U-Net runs very slow

Hello everyone!

I have written a U-Net with Python, TensorFlow and keras. With this I want to predict CT images from MR images. It’s nothing fancy and the code is very well commented:

import csv
import nibabel as nib
import tensorflow as tf

# U-Net architecture
def UNet_model_2D(img_height, img_width, clr_channels):
    
    inputs = tf.keras.layers.Input( shape=(img_height, img_width, clr_channels) )
    
    # contraction path
    c1 = tf.keras.layers.Conv2D(32, (3,3), activation='relu', kernel_initializer='he_normal', padding='same')(inputs)
    c1 = tf.keras.layers.Dropout(0.1)(c1)
    c1 = tf.keras.layers.Conv2D(32, (3,3), activation='relu', kernel_initializer='he_normal', padding='same')(c1)
    p1 = tf.keras.layers.MaxPooling2D((2,2))(c1)
    
    # ...
    
    # base
    c5 = tf.keras.layers.Conv2D(512, (3,3), activation='relu', kernel_initializer='he_normal', padding='same')(p4)
    c5 = tf.keras.layers.Dropout(0.3)(c5)
    c5 = tf.keras.layers.Conv2D(512, (3,3), activation='relu', kernel_initializer='he_normal', padding='same')(c5)
    
    # expansive path 
    u6 = tf.keras.layers.Conv2DTranspose(256, (2,2), strides=(2,2), padding='same')(c5)
    u6 = tf.keras.layers.concatenate([u6, c4])
    c6 = tf.keras.layers.Conv2D(256, (3,3), activation='relu', kernel_initializer='he_normal', padding='same')(u6)
    c6 = tf.keras.layers.Dropout(0.2)(c6)
    c6 = tf.keras.layers.Conv2D(256, (3,3), activation='relu', kernel_initializer='he_normal', padding='same')(c6)
     
    # ...
    
    outputs = tf.keras.layers.Conv2D(1, (1, 1), activation='linear')(c9) 
    model = tf.keras.Model(inputs=[inputs], outputs=[outputs])
    
    # config model with losses and metrics
    model.compile(optimizer='adam', loss=['MeanAbsoluteError'])

    model.summary()
    
    return model

################################ main program #################################

# load training data concatenated along 0th dimension
X = nib.load('MRIs_train.nii.gz').get_fdata()
Y = nib.load('CTs_train.nii.gz').get_fdata()

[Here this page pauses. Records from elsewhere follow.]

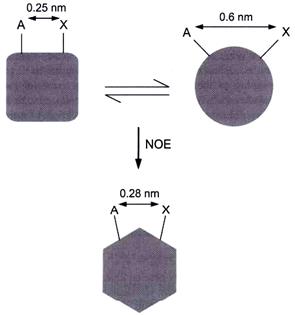 Варто також уважно ставитися до поняття між’ядерної відстані. У реальних молекулах відстань між спінами може постійно змінюватися внаслідок конформаційних рухів. Тому в результаті розрахунків ми можемо отримати лише усереднену величину. Більше того, при наявності конформаційної рухливості внесок конформації з максимально зближеними ядрами може виявитися завищеним, оскільки ЯЕО для такої конформації є набагато більшим внаслідок залежності від r-6. Розглянемо випадок швидкого, у шкалі часу ЯМР, обміну між двома рівнонаселеними конформерами, коли в спектрі є єдиний сигнал, що відповідає двом нееквівалентним станам спіна. В одному з конформерів відстань між спінами, r1, становить 0,25 нм, а в другому, r2, – 0,6 нм (Рис. 4.25). Усереднена величина ЯЕО за умов швидкого конформаційного обміну становить (r1-6 + r2-6)-1/6. Тому розраховане на підставі величин ЯЕО значення r становить 0,28 нм, а не 0,42 нм, як цього слід було очікувати.
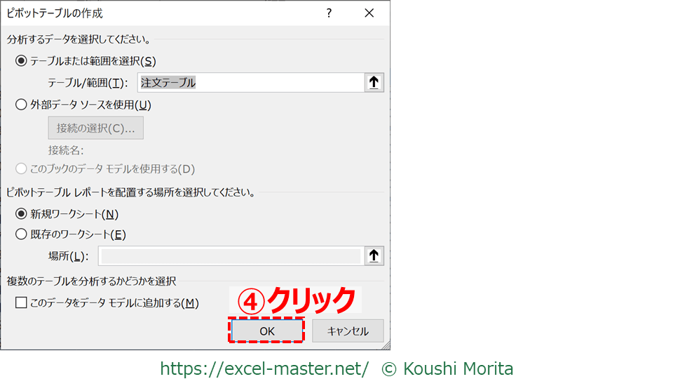 あとは、「OK」をクリック(④)すると、新規ワークシートへピボットテーブルが挿入されます。
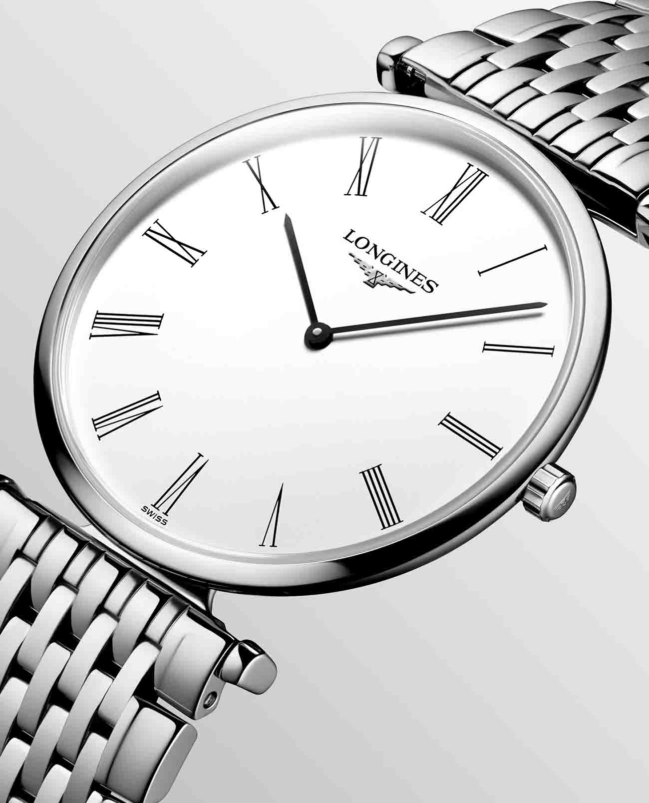 Белый циферблат дополнен контрастными стрелками и винтажными римскими цифрами. Швейцарский кварцевый калибр L420 отличается абсолютной точностью хода. Стекло из сапфира устойчиво к царапинам.
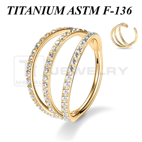 Кликер из имплантационного титана 6Al-4V-Eli ASTM: F-136 с тремя дугами, украшенными миниатюрными прозрачными фианитами.
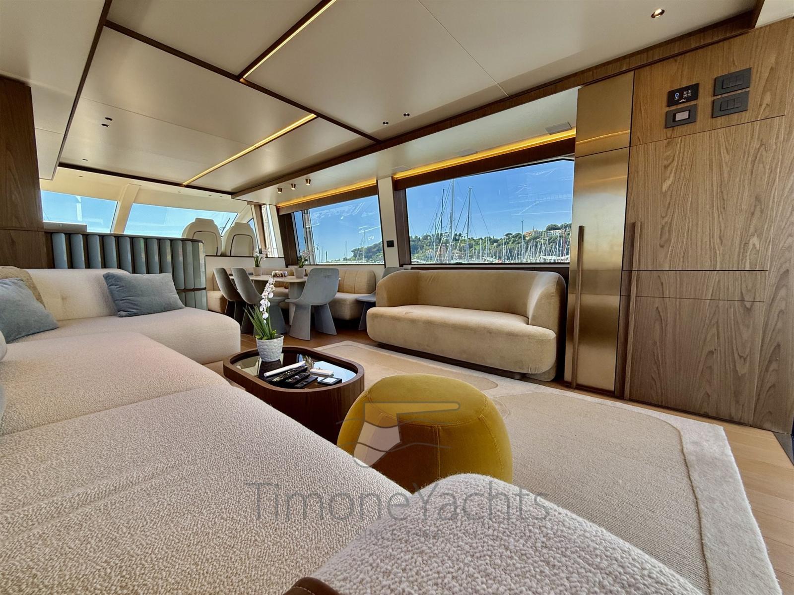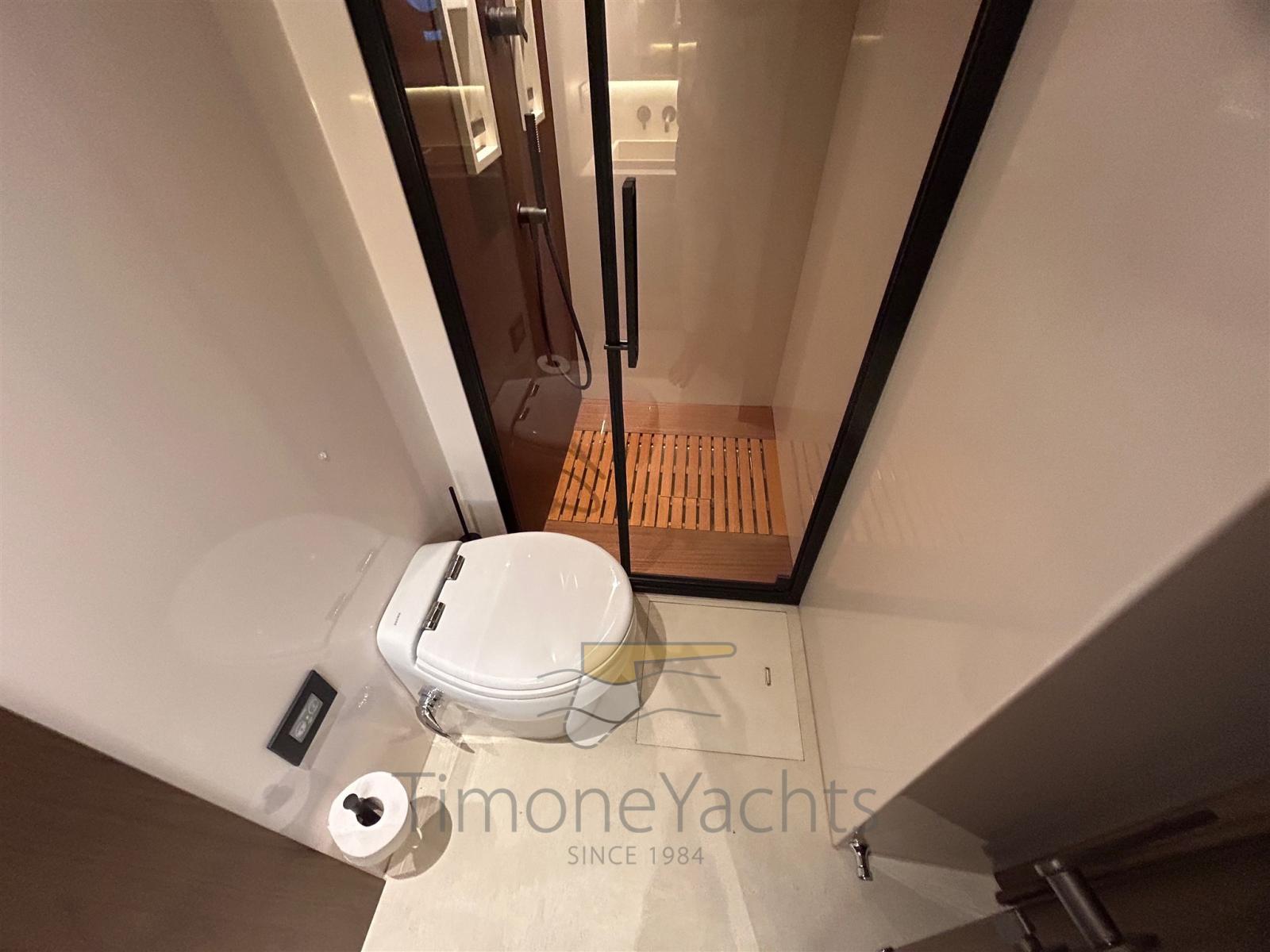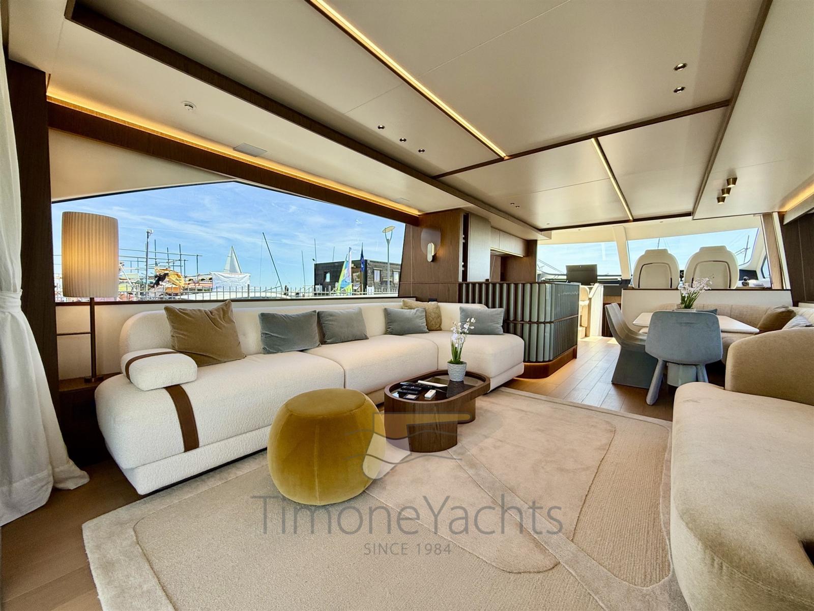 Fume/Gas Detector, Engine Alarm, Bilge Alarm, Alternator, Water pressure pump, Teak Side Decks, Deck Shower, Twin Steering, Directional Spotlight, Hydraulic Flaps, Hard top, Flaps Indicators, Anchor Chain Washdown, Washbasin in the cockpit, Courtesy Lights, Underwater lights, Gangway, Platform, Automatic Bilge Pump, Teak deck, Entry door, Side door, Teak Cockpit, Shorepower connector, Water harbor connector system, Stabilizers (seakeeper NG 16), cockpit table, Horn, Stern Winches, Bow Winches.
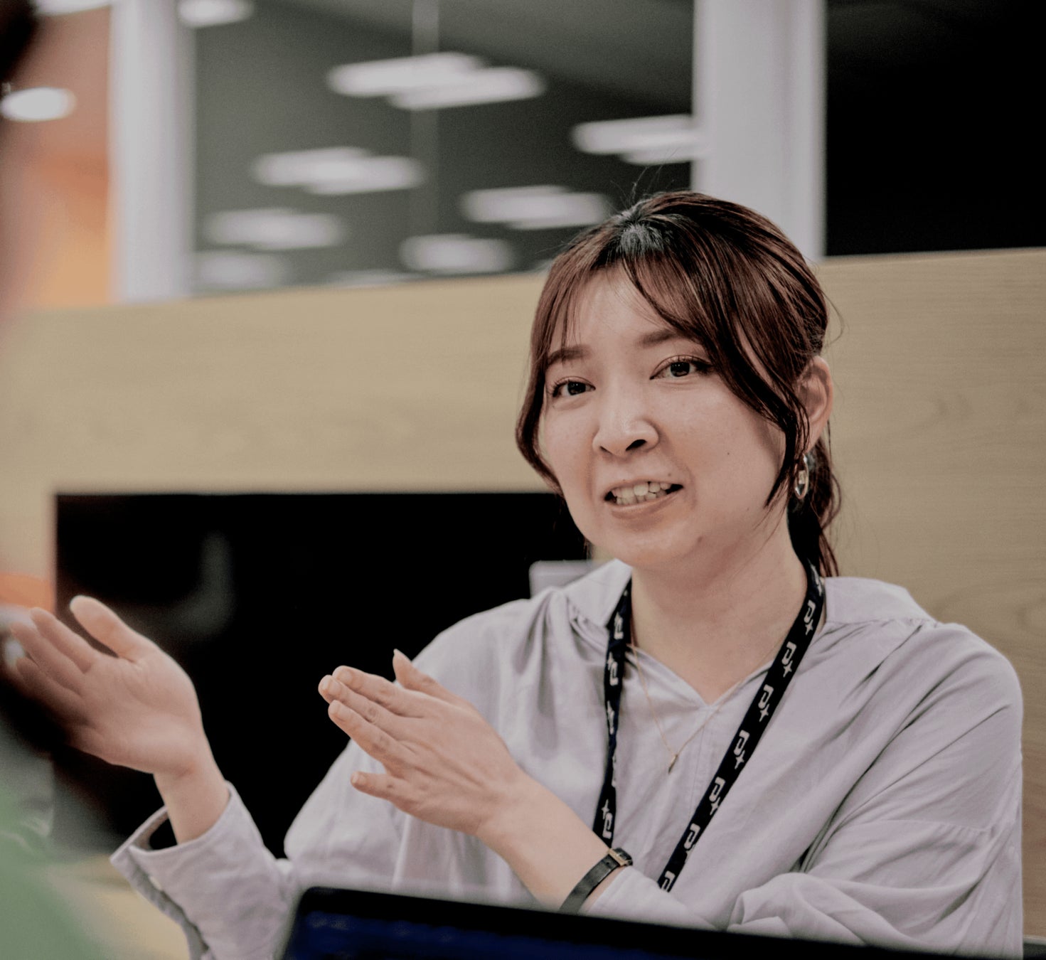 一年半前に大阪から転勤になり、東京のチームを定着させる役目を担いながら、2拠点にまたがる100名規模のプロジェクトのプロデューサーとしてもコミュニケーションづくりをとても意識しています。リモートだと自ら情報を取りに行きにくく、”ちょっと話したい”という距離感ではないため、大阪と東京を近づけるものを求めていました。tonariの向こうに大阪側がずっと見えている風景も当たり前になり、離れていても隣で話せる『座席感』が再現できつつあります。理想としてはプロジェクト毎にtonariを導入し、空間をどんどん広げていきたいです。
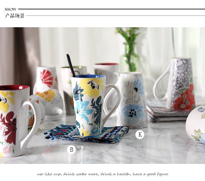 创意水杯子陶瓷 个性马克杯大容量带勺简约情侣咖啡牛奶喝水杯子
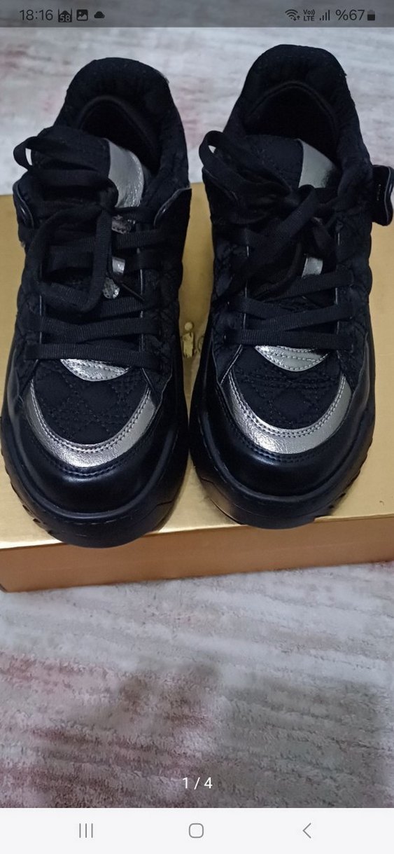 Kadınlar için siyah yılan desenli, bağcıklı ve platform tabanlı kauçuk spor ayakkabılar, athleisure ve sokak modası için uygun.hic kullanmadım yenidir

# load validation data concatenated along 0th dimension
x_val = nib.load('MRIs_val.nii.gz').get_fdata()
y_val = nib.load('CTs_val.nii.gz').get_fdata()

# files containing the loss values over time will be added to this folder
callbacks = [tf.keras.callbacks.TensorBoard(log_dir='log_survial')]
epochs = 50

# get shape of concatenated MRIs/CTs
s = X.shape

model = UNet_model_2D(s[1], s[2], 1)

# return a History object whose attribute '.history ' is a record of training 
# loss, metrics, validation loss, and validation metrics values
results = model.fit(
    x=X,  # input data
    y=Y,  # ground truth data
    batch_size=16, 
    epochs=epochs,
    verbose=1,
    callbacks=callbacks, 
    validation_data = (x_val, y_val),
    use_multiprocessing=True,
)

tmp = list(results.history.values())

train_loss=tmp[0][:]
val_loss=tmp[1][:]

# write/append csv file
f = open('log_train_loss.csv', 'a')
writer = csv.writer(f)
writer.writerow(train_loss)
f.close()

f = open('log_val_loss.csv', 'a')
writer = csv.writer(f)
writer.writerow(val_loss)
f.close()

model.save('pCT_2D_' + 'ep', save_format='tf')

I started training over 5 hours ago (112 concatenated 3D-MR/CT images as training and 25 concatenated 3D-MR/CT images as validation) and it’s not even through the first of 50 epochs.

One guess is that Spyder is not using the available 32 processor cores and/or not using the Quadro GV100 32 GB GPU. I also have 512 GB of RAM at my disposal.

The only thing I did in the Python code regarding multiprocessing is to set use_multiprocessing=True.

Thanks in advance for ANY support!